For over 20 years Tomorrow’s Company has been working to create a future for business that makes equal sense to staff, shareholders and society.
Today in the UK we have an investment system that is complex, expensive and serves to disconnect shareholder value from the ordinary citizen. We first described this in Restoring Trust: Investment in the twenty-first century back in 2004.
CEOs in listed companies rarely last more than four years: an important investment that they make which may have more than a two year return rarely feels attractive. Although quarterly reporting is not obligatory the quarterly reporting mentality dominates. Media coverage of listed companies is full of comment about whether companies’ earnings will ‘meet expectations’ and, with the exception of remuneration spats, rarely devoted to discussions of the leadership, innovation and employee engagement and the company.
We are constantly told that companies must meet their quarterly return targets because this is what shareholders expect.
But it isn’t the ordinary saver in a personal pension who wants companies to cut corners and sweat assets to ‘hit their numbers’.
It’s the intermediaries, the asset managers and advisors who keep demanding the harvest at Easter.

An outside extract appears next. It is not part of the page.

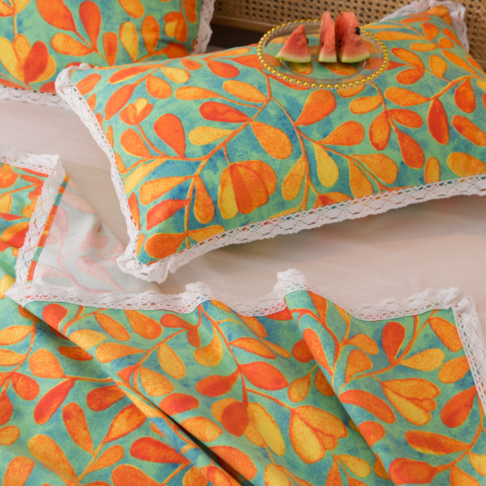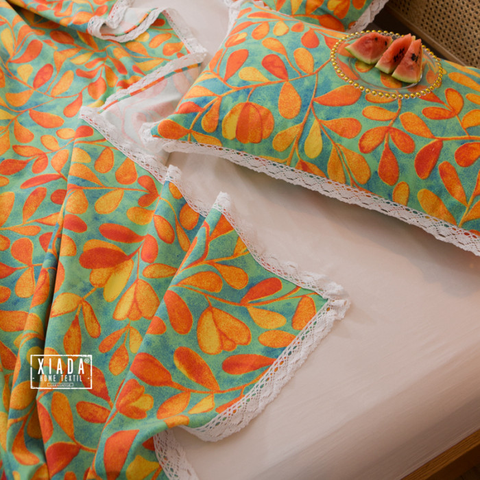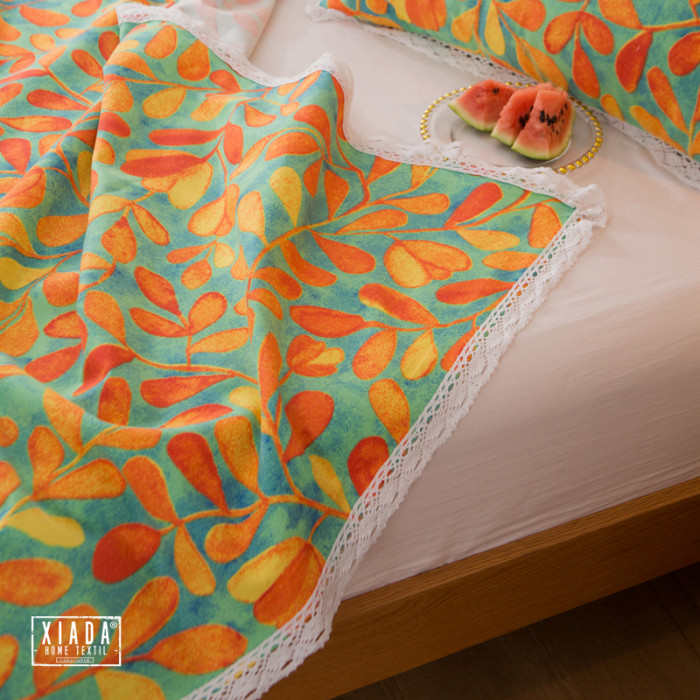 Paris葉 夏季涼感純棉加厚老粗布床單單件高檔帆布涼蓆被單帶花邊

As I save for my pension I want to put the money into the kind of companies that are balancing the short-term demands with an investment for tomorrow. I want my savings to be invested into companies that are going to invest in R&D, and human talent, and infrastructure and housebuilding, and renewable energy and new solutions to solve our climate and transport issues.
That doesn’t mean sacrificing shareholder value. It means building more of it in the way that the great companies have always done, by adding to their entrepreneurial spirit a commitment to strong relationships with customers, employees, suppliers and the community and society that gives their licence to operate.
Soon after Tomorrow’s Company was founded in 1996, we worked with Kleinwort Benson to develop a Tomorrow’s Company investment fund, investing long-term in companies which stuck to these recognisable Tomorrow’s Company principles.
We were too early.
Now I believe the market is ready for stewardship investing. There are enough individual investors out there, like me, who believe that part of the way to get a better capitalism, a capitalism that works for the many and not just few, is to create channels of investment that more directly connect the ordinary saver with the kind of companies that she or he would like their kids to have the chance to work in.
Disrupters are beginning to appear. No doubt there are more that have not come across my radar, but I am aware of WHEB Asset management, offering something different to investors who want to avoid stranded assets and support new technologies. There is Equitile who offer an approach that seeks to achieve sound long-term returns from companies with robust leadership and governance.
And this week sees the launch of The People’s Trust by former Investment Association head Daniel Godfrey. Daniel’s vision is more radical because he is setting up an investment trust that will be owned by its customers, and that won’t pay bonuses to its employees, and will make pay part of their salaries in shares in the business which they can only sell after 7 years. It will seek to invest in long-term strategies and responsible behaviour by companies.
This is an exciting development. Everyone involved will be incentivised to achieve success over periods exceeding 7 years. They will be directly accountable to customers. Stewardship is on the march. The Peoples’ Trust deserves to succeed and I for one will be signing up.